In sum, if which Bible you read is a matter of choice then which gender you are is also a matter of choice. If accepting special revelation [i.e., which Bible version] is a matter of preference then accepting natural revelation [i.e., which gender] is a matter of preference. You may say, “Well now you’ve gone too far! Choosing your Bible version and choosing your gender are miles apart.” No, they are not.

The Bible is the rule of all faith and practice. The Bible tells us what a man is and what a woman is. The Bible is the primary source of Christian knowledge on what counts as a man and what counts as a woman. Therefore, to say, I can choose my Bible is to infer that you can choose your own gender because you have already allowed yourself to choose the authority upon which your definition of gender primarily rests as a Christian.

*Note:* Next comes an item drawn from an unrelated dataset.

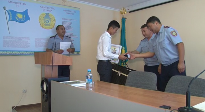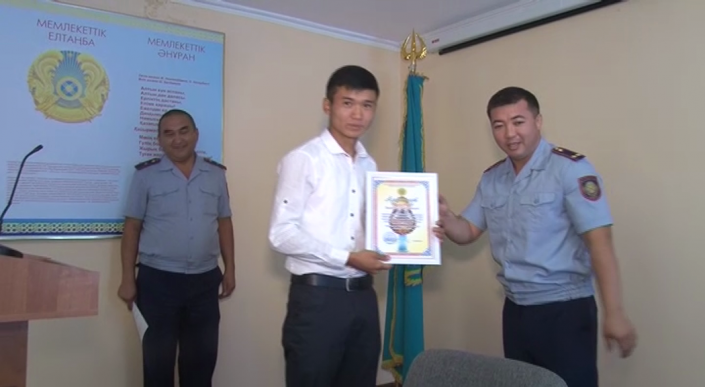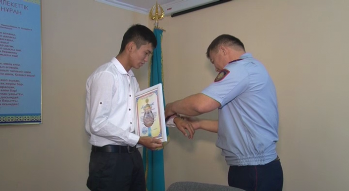 За проявленное мужество, гражданскую сознательность и оказанную помощь в задержании преступника заместитель начальника Сайрамского РУВД, подполковник полиции Бауыржан Жанаев в торжественной обстановке вручил Айбату Маутанбекову благодарственное письмо и ценные подарки.

If you get to choose the rule book you get to choose how the game is played. If you get to choose the rules about what makes a man, a man [i.e., you get to choose the Bible you want to read], then you are necessarily choosing how that game is played [i.e., you are choosing what makes a man, a man]. In the end, you have chosen the Rule. The Rule has not chosen you.

We are going to hang out here a bit. If you have any feedback on this line of reasoning I would appreciate it. I’ll see if I can get ahold of Dr. Trueman and ask him questions along these lines as well. Blessings.

See Part Two Here and Part Three Here

4 thoughts on “Expressive Individualism and Multiple Version Only-ism (Part 1)

  1. Paraphrasing from memory, Van Til said the Bible is authoritative on everything about which it speaks, and the Bible speaks about everything. “But from the beginning of creation God made them male and female” (Mark 10:6). “The woman shall not wear that which pertaineth unto a man, neither shall a man put on a woman’s garment; for all that do so are an abomination unto the LORD thy God” (Deuteronomy 22:5). What have I missed?